From Deep Space to Dirty Bombs; UNH Scientists Retask Telescope
By David Sims, Institute for the Study of Earth, Oceans, and Space
May 21, 2008

NASA's Compton Gamma Ray Observatory. Photo courtesy of NASA.
UNH astrophysicist James Ryan knows how to detect radioactive emissions across
the vast sweep of our galaxy.
So when he watched National Guardsmen struggle to track down a radioactive
source inside a building as they conducted a drill mocking a terrorist dirty-bomb
operation, the proverbial lightbulb-in-the-head lit up.
“If we can detect radioactive aluminum-26 on the other side of the galaxy
we can find other radioactive materials like cesium-137 or cobalt-60 inside
a building or on the other side of the street by the same method,” Ryan
says.
Ryan was a member of the UNH research team that helped build and operate the
gamma-ray imaging COMPTEL telescope onboard the Compton Gamma Ray Observatory
(CGRO), a 1991-2000 NASA mission dedicated to observing the high-energy universe.
Knowing that the space telescope accurately pinpointed and made images of
faraway radioactive elements like aluminum-26, which is produced by dying stars
and emits gamma-rays, Ryan understood that the same basic technology could
be retasked for work a little closer to home – like detecting, for example,
radioactive medical waste obtained surreptitiously for use in making a dirty
bomb.
He and colleagues at UNH’s Space Science Center dusted off two spare
detectors made for COMPTEL and created a telescope that could potentially be
loaded on a truck and used for homeland security work such as scanning shipping
containers or buildings for radioactive materials.
The key operational aspect of the telescope, known as GRETA, short for the
Gamma-ray Experimental Telescope Assembly, is that unlike other technologies
such as Geiger counters or spectrometers it can accurately determine the direction
from which a radioactive source is being emitted by creating an image.

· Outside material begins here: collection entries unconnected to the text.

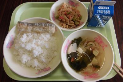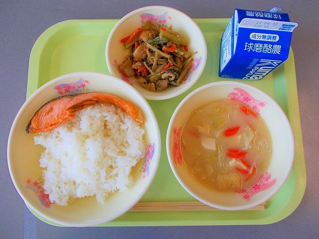 メニュー:ごはん、春野菜の豆乳、みそ汁、つわんこ炒め、鮭の塩焼き、牛乳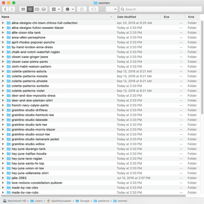 Those are the major offenders, usually. Whether I’m naming a file or a folder, I will begin with the pattern company, then the pattern name.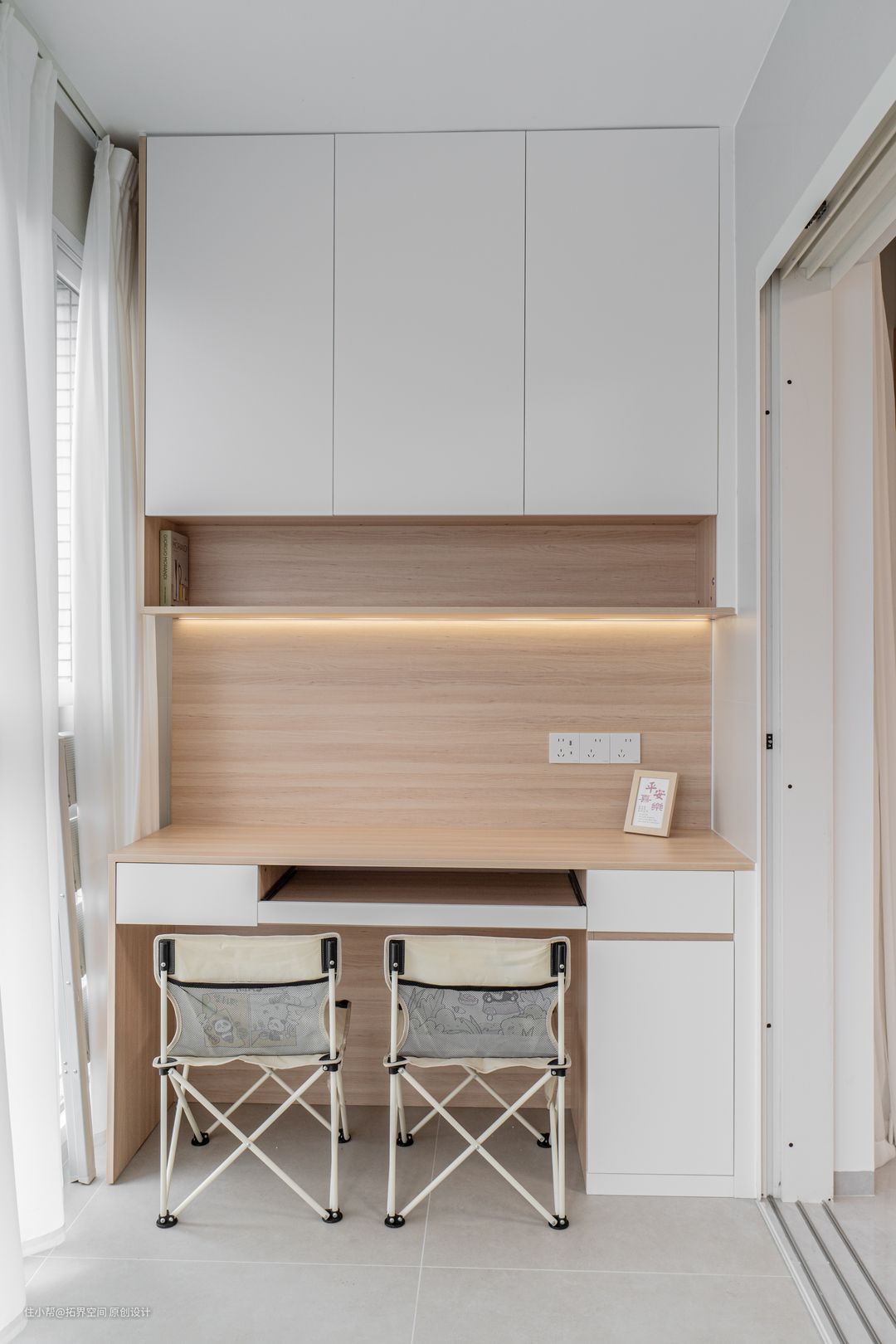 床尾留足开门的空间后,便定制“顶天立地”的衣柜,纯白色柜体几乎与墙面融为一体,加上无拉手设计,减少整柜带来的压迫感,而木色线条则让柜体不那么单调,更显精致感。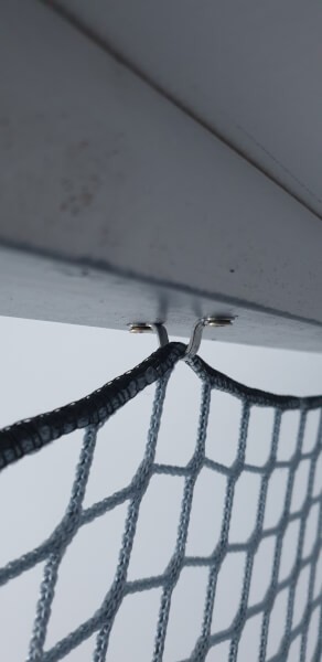 Pour fixer un filet, il suffit de passer directement le pourtour du filet dans le pontet, puis de le fixer sur le support avec la visserie adéquate (non fournies). Veillez à utiliser des vis et des chevilles adaptées à votre support.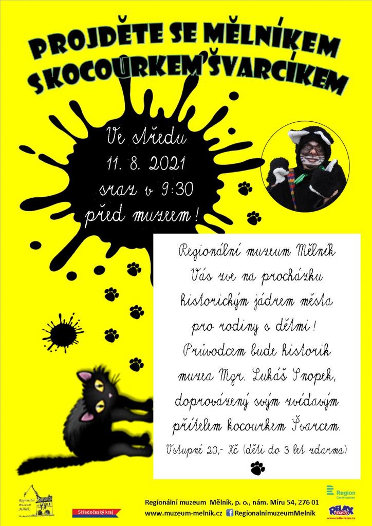 Procházka historickým jádrem Mělníka pro rodiny s dětmi. Průvodcem bude historik muzea Mgr. Lukáš Snopek, doprovázený svým zvídavým přítelem (maskotem muzea) Kocourkem Švarcem…Tato dvojice hravou formou, vtipnými dialogy a několika úkoly přiblíží účastníkům minulost města nad soutokem a jeho zajímavosti.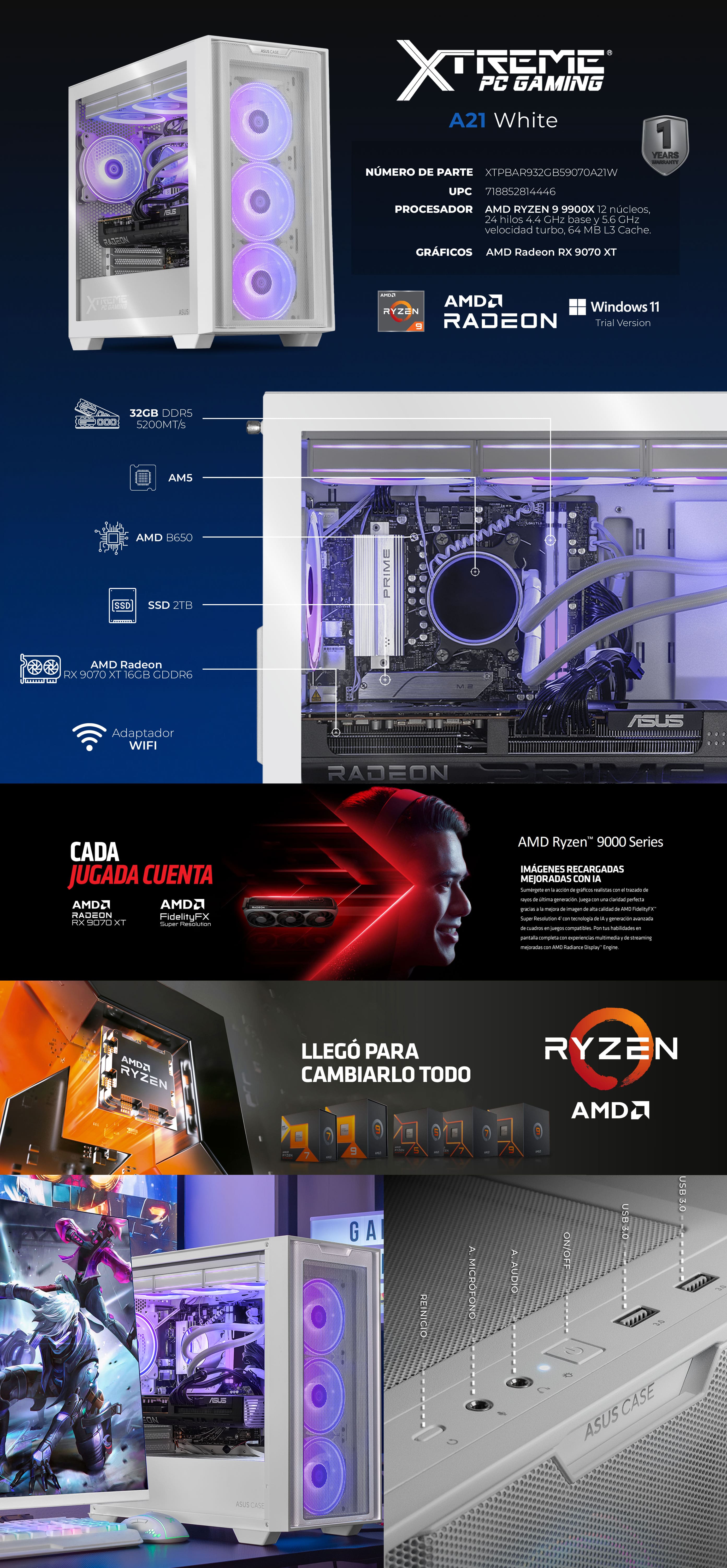• Gráficos de nueva generación: AMD Radeon RX 9070 XT 16GB GDDR6, ideal para eSports y streaming.

Of the mock National Guard exercise Ryan notes that while soldiers did have
precision spectrometers that can identify the source material, the isotope,
and can determine if that material is natural or man-made, they are omni-directional
instruments.
Says Ryan, “So they might detect the presence of cesium-137 but they
won’t know where it is unless they get right up close to it, they’d
have to fish around inside the building.” Which is not an ideal scenario
when the first responders have multiple issues to worry about like other potential
hazards from pipe bombs or biological agents, as was the case in the high-stress
disaster exercise.
Although more sophisticated technologies are currently under development,
Ryan notes that there will be both a time lag and a big price tag associated
with this while GRETA is a currently available technology that can get the
job done.
“Here’s an instrument that has the sensitivity necessary for the
job and it’s available now,” he says.
Earlier this week Ryan’s UNH colleague, project engineer Jason Legere,
presented information about GRETA and its abilities to the 2008 IEEE Conference
on Technologies for Homeland Security, which brought together more than 300
innovators to focus on novel and innovative technologies addressing pressing
national security problems.
“What I think impressed attendees the most about GRETA wasn’t
just its ability to locate and identify radioactive materials, but to do so
from a safe distance. This makes GRETA unique,” says Legere.